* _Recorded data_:
= = =

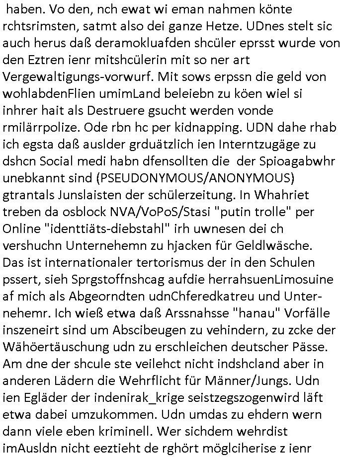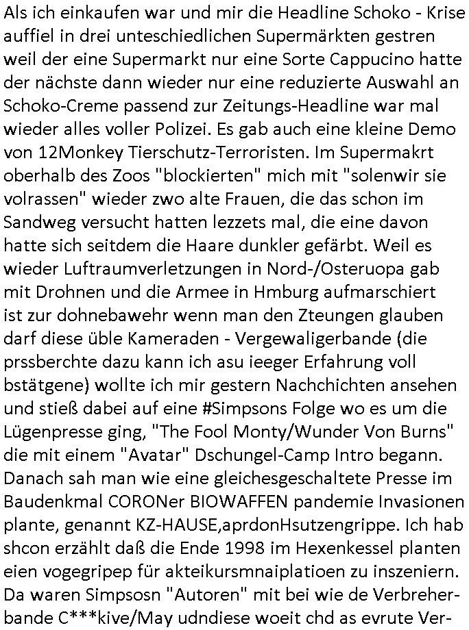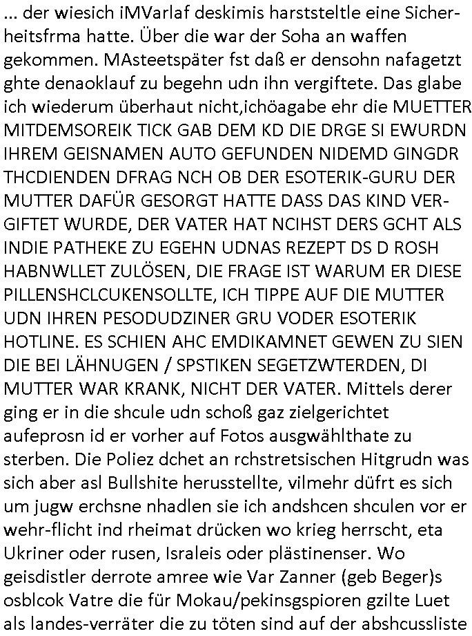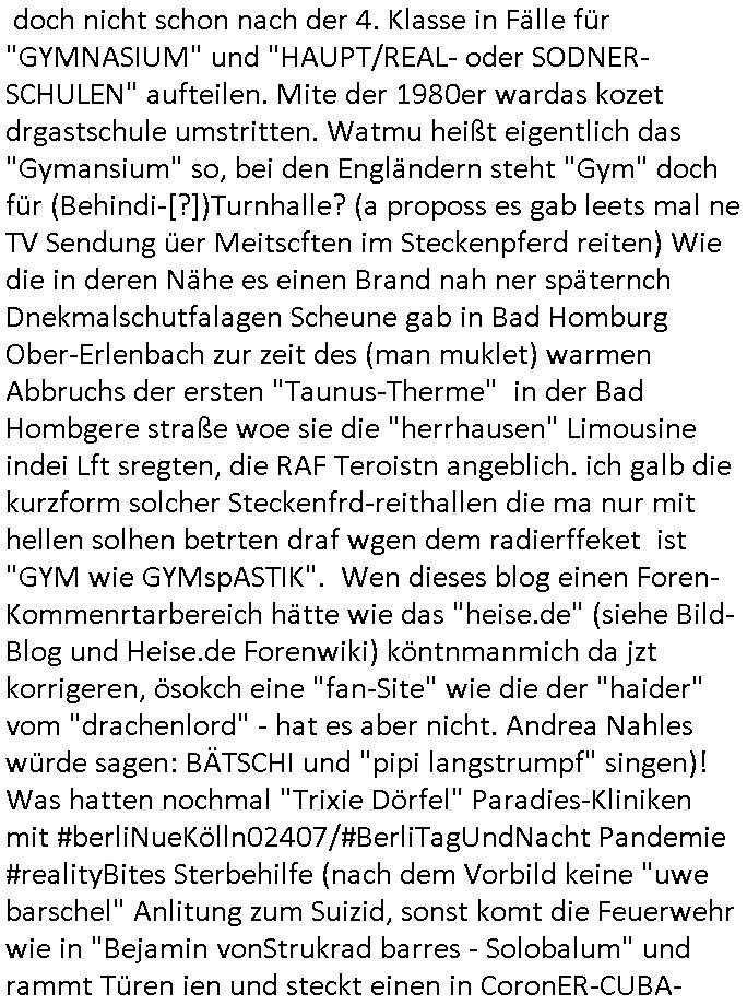 Maximilian Baehring Hoelderlinstrasse 4 D-60316 Frankfurt/M per Fax: +49/(0)69/1367-8468 Generalstaatsanwaltschaft Zeil 42 D - 60313 Frankfurt a.M. Im Internet findet sich unter der URL http://banktunnel.eu/pdf.php und URL http://blog.sch-einesystem.de/ mein ausgedruckt über 33.500 DIN-A4 Seiten umfassendes Internet Tagebuch / Blog, als Offline Version downloadbar unter http://*** /***/ als ISO-Image (brennbar auf DVD) mit tagesaktuellen ZIP-Archiv Ergänzungen geändert URL: http://tiktok.maximilian.baehring.at Frankfurt am Main, den 02. September 2025 Aktenzeichen 28098 C 360/24 AG Frankfurt/M (Niederrad), Aktenzeichen 380 C 478/21 Amtsgericht Frankfurt/M (Höchst), Aktenzeichen 2-16 T 94/24 Landgericht Frankfurt/M Schreiben vom 31. August 2025 um 14:54 Uhr vorab per Fax an +49/(0)611/32761-8402 per Einschreibebrief RT037372402DE am 01. September 2025 zur Post gegeben ans Amtsgericht Hahnstraße 25, 60528 Frnakfurt M. Einschreibebiref RT037372416DE vom 01. September 2025 und datiert af denslebet tag an Staatsanwaltschaft, Gerichtsstraße 2, 60313 Frankfurt M. vorab per Telefax an die +49/(0)69/1367-6496 ebeflls am 01. September 2025 um ca. 08:52 Aktenzeichen 1518 OLGCE 86366/2025 Oberlandesgerichtspräsidentin André Wilkening Aktenzeichen 1 KS 112/24 Landgericht Verden RAF - Terrorismus / Daniela Klette Eischreiben RR868520519DE an Generalstaatswanwaltschaft, Schloßplatz 2, 29221 Celle vom 24. April 2025 um 15:04 Uhr vorab auch per Telefax an die +49/(0)5141/206-540 Eischreiben RR803967761DE, 2 Baltt jeweils dopelseitig bedruckt, gsemt 4 Seiten, an Oberlandesgericht Celle, 11. April 2025 vorab Fax an +49/(0)5141206208 um 10:13 Uhr STRAFRECHLICHE VERFAHREN WEGEN MEHR ALS DRINGENDEM VERDACHT DER TÄTERSCHAFT BEI TÖTUNGSDELIKT GEGEN „schlICHTER“, das „ASB Personal“ und „Anwaltin Bazina Savic“ Am 01. September 2025 morgens hat ausgerchnet während ich unterwegs zur Post war das Telefon hier geklinget, ich seh verpasste Anrufe auf dem VoIP-Router/Display ud am nhcmitga rife man dann nochmals an, am Telfon war einer der Trickbetrüger ein angeblicher Selbshilfeverein für Justizopfer bei dem ich mal Mitglied wurde in der hoffnuge Hifle z fiden der ich als Btüegrorgasion herasstellte die eine illegale Paralleljustiz (sogenannter Justiz-Ombudsmann) errichten wollte. Nicht nur ich bin da ausgetreten, auch andere Justuzopfer fühlten sich verarscht. Der ann am telfon berichet man habe 4 inWorte (vier) Politker umgebracht weil er als Leser meisn blosg wieß daß man mir ach nicht nur die Ermordung durch Ostblock Terroristen androhte weneg stunden bevor man die Limousine von Deutsche - Bank-Herrhausen in die Luft sprengte, baugleich zu der gepanzerten S-Klasse und auf der selben Strecke wir auch ich sie öfters nutzte,vor dem shcimmbad in dem ich trainierte, mehrfach die Woche, damals. Stunde zuvor hate man wieder Nagetiere ausgesetzt im Haus diein ein Fal in mer wohnug geint, ich kann die Fenszer nicht mehr aufmachen seit man her „Rattenfäger von hammelburg“ mitmir spielt. Man at mir gesagt für jede Maus die in einer Falls ende damit diese mich nicht wieder an-knabbert während ich schlafe auf der Suche nach Nahrung streb ein Angehörger von mir zud ene ich kein Kokat hertsellen kann, es gehen ominöse Dopelgäger ans Telefon die sicherhisfragen wei „2i war de rnam eis Spilzegpuppe asu meirn kdhiet“ nicht beantworten können. Ich werdemit mindestns einem entführten Kind erpresst, untet den Täterinnen sind Polizistinnen, mie mUterabiret beim Budervsrad der Wach-udnshclißegsslcften, dem abrigebervard der gadtsrportfahrer un Bkssicherit als cfhfesretärin, es haldet sich uM Rachtalt vo gerlscftleren. Ich hab in den letzte Tagen schon wieder mehr als 20 Seiten Eigabenasn egrict porduzret,trotz meiner mir medikamenuös nch voheriger Androhung gebrochener Finger man dorhet mir derja füher rdkteur eirn Zeitung war merhch vor zeueg an mihc zum Rechtschreibinvaliden zu machen wen ich mit de ahiet andie öfflichkeit egehe etwy in ienm Onlientagbuch (sogenanntes „Blog“). Ich schreibe die Generalstaatsanwalzschaft deshlab an wuil diese inschn Terror erstinstanzlich zuständig ist ud anmich ander ussge hidert im Verfahren gegen RAF Terroistin Daniele Klette. Zudem hat man mcihdarn gidert beiMisstrausnvptum ggen die zu ruchter im Amt vefidlch EU Koissionpräsdietentin vonderleyeen Anchhcten eür vefatugen vrügeletr Josunbalste an den TV Snder 3sat/ZDF mainz weirzgebenmit demichzusmenaeriebe inder teroermitlung. Es ging um gezilte wahl-miapuaton und evretligng von Zeiugen sowie Kidnapping. Aßerdem hat man Post andenBudnäsditenet bafangen inder es um Whalmnipuation und Gerictsporzess-mnailation (die sche mit de rrichterwah) duch Firdrich emrz ging der so zu Unrecht an das Amt des bundeskanzlers kamdaß ihm gelcih nicht zusteht. Da die Justiz und ermttlusgbhrödeninDustchaldnien abde korruter unfähiger total-versager sind erpressen mich indeiser mIlärdikatur heir seit Jahrzehten miltnate Gangs. Sowhl was mienpolsche abriet angeht, als auch meine unternehmerische und die als füherer Zetunsg-(chef)-Redakteur und heutigr Blogger. Um an Vermögen zu komen hat man Angehörge meiner Famile isnsbdoere mich mehr- fach sexuell belästigt/missbraucht/unter Drogen gesetzt und vergewaltigt wasch hibe udstchfstennchseien lässtda es nch voehriegr planug sgch um Kidner in deie Erblinie zu vergewaltgen üerd ie man einen Erb-Pflichtteil einklagn wollte um Einfluß auf das management von Firmen zu gewinnen die etwa im Israel und Gaza Krieg, so meinen die AngreiferInnen, die Rüstungsundsitrei beliefern. Die fraen die mich K.O.Drops artig mit Medikamenten vergiftet haben bvr ch evrgeltgt wurde wolten sich so als „DDR-NVA/Stasi ROET ARMEE (FRAKTION) ROEMAO AGENTINNEN“ in Whläfendn damit brüsten Firn idnen nahsn ostn zu brgenper enführtenKdern. Ic hab ja ebrist erzählt daß meine Mutetr mabrigeberevarnd der bankensicherheit tätg gwesen war der bei tarfkolfikte/Straisk für die evhdl
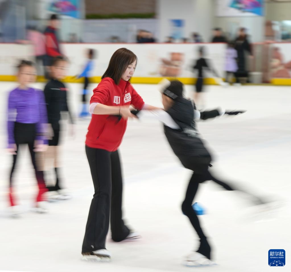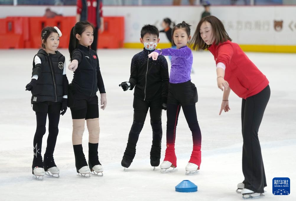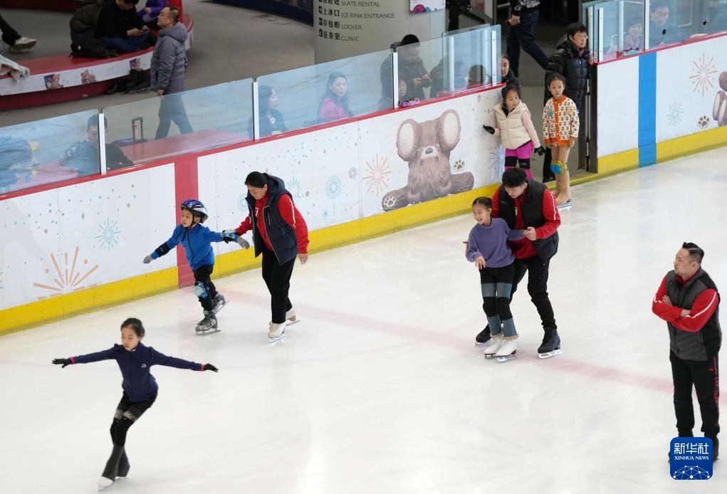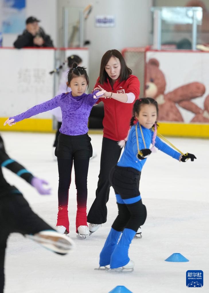 这是2月19日,一名冰场教练员(右一)在沈阳冰纷万象滑冰场指导小学员滑冰技术。新华社记者 李钢 摄
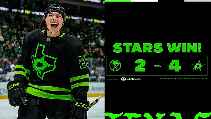 «Даллас Старз»-»Буффало Сэйбрз» 4:2. Джейсон Робертсон набрал 3 очка (1+2), Томас Харли отдал 2 результативные передачи, Кейси ДеСмит отразил 21 бросок.
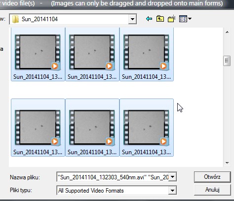Otwieramy właściwy plik z aktywnym obszarem Słońca. Warto otworzyć od razu całą serię plików z obserwacji. Program ma bowiem możliwość przetwarzania wsadowego.
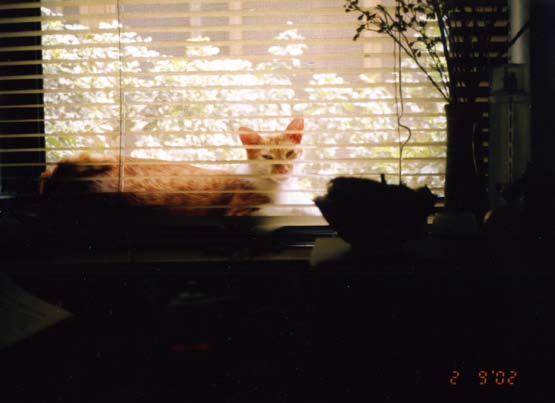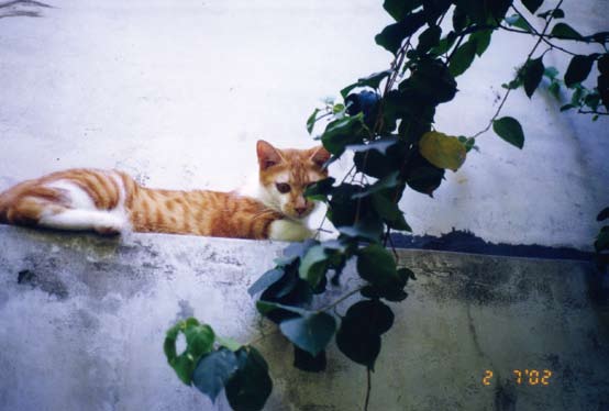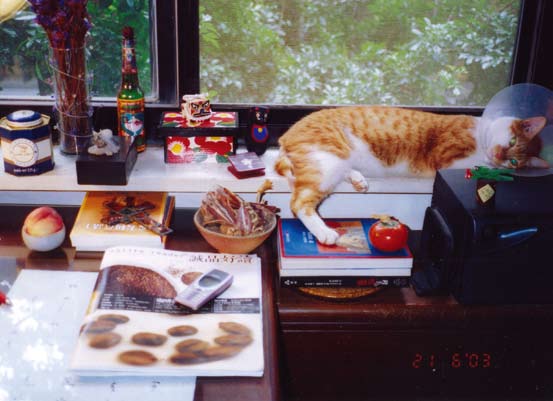 半小时下来,人猫皆给震昏,所以起初天文还担心呸咕会因此成个聋子。但这担心全没必要,呸咕吓坏了,所以破例没放在一楼起居室与众猫众狗众人试着相处适应,天文把他携进卧室,他自此钻在书桌与墙角间,一点风吹草动(所以没聋)就不见人影,差不多要到一个月以后我们才稍能见到他。呸咕是一只黄虎斑白颈腹的公猫,通常这款花色的公猫,话多,大派到接近厚脸皮地步,是次于虎斑灰狸公猫与人关系黏腻的。APEC 完全破例,即便对最信赖的救命恩人天文仍非常含蓄拘谨,天文有空时故作疯癫逗他,想让他放松片刻也算心灵治疗一番。APEC从不为所动,只缓步退到远远的窗台上蹲踞,忧虑地注视着天文,断定她是个疯婆子。
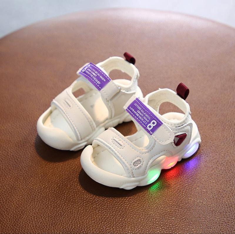 Стильные легкие сандалики Мигающие Мягкие , Гибкие Застежка липучка Защита пальчиков Замеры делались от края до края Учитывайте запас 18-14см 19-14.3см 21-13.5см 22-14.5см 24-15.5см 25-16см 43#
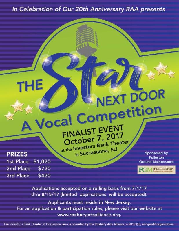 The Roxbury Arts Alliance is celebrating its 20th anniversary this fall! We want to celebrate by hosting a vocal talent competition. We hope that you will join us by competing; voting on-line for your favorite semi-finalist; or attending the Final Event at which the final 12 contestants will perform live on October 7th at the Investors Bank Theater. Judges for the Final Event are music industry professionals.
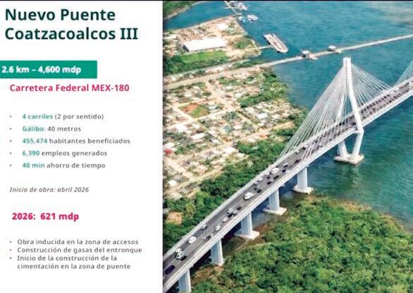En 2026, la SICT invertirá 11 mil 103 mdp para realizar obras de infraestructura y se generarán 33 mil 309 empleos. La inversión incluye la construcción del puente Coatzacoalcos III. PASE A LA 2/3

= = =

Taking the entries above, extract every line from the one bearing "半小时下来,人猫皆给震昏,所" through the one bearing "Стильные легкие сандалики", exactly, with no pictures.

* _TASK RESULT_:
 半小时下来,人猫皆给震昏,所以起初天文还担心呸咕会因此成个聋子。但这担心全没必要,呸咕吓坏了,所以破例没放在一楼起居室与众猫众狗众人试着相处适应,天文把他携进卧室,他自此钻在书桌与墙角间,一点风吹草动(所以没聋)就不见人影,差不多要到一个月以后我们才稍能见到他。呸咕是一只黄虎斑白颈腹的公猫,通常这款花色的公猫,话多,大派到接近厚脸皮地步,是次于虎斑灰狸公猫与人关系黏腻的。APEC 完全破例,即便对最信赖的救命恩人天文仍非常含蓄拘谨,天文有空时故作疯癫逗他,想让他放松片刻也算心灵治疗一番。APEC从不为所动,只缓步退到远远的窗台上蹲踞,忧虑地注视着天文,断定她是个疯婆子。
 Стильные легкие сандалики Мигающие Мягкие , Гибкие Застежка липучка Защита пальчиков Замеры делались от края до края Учитывайте запас 18-14см 19-14.3см 21-13.5см 22-14.5см 24-15.5см 25-16см 43#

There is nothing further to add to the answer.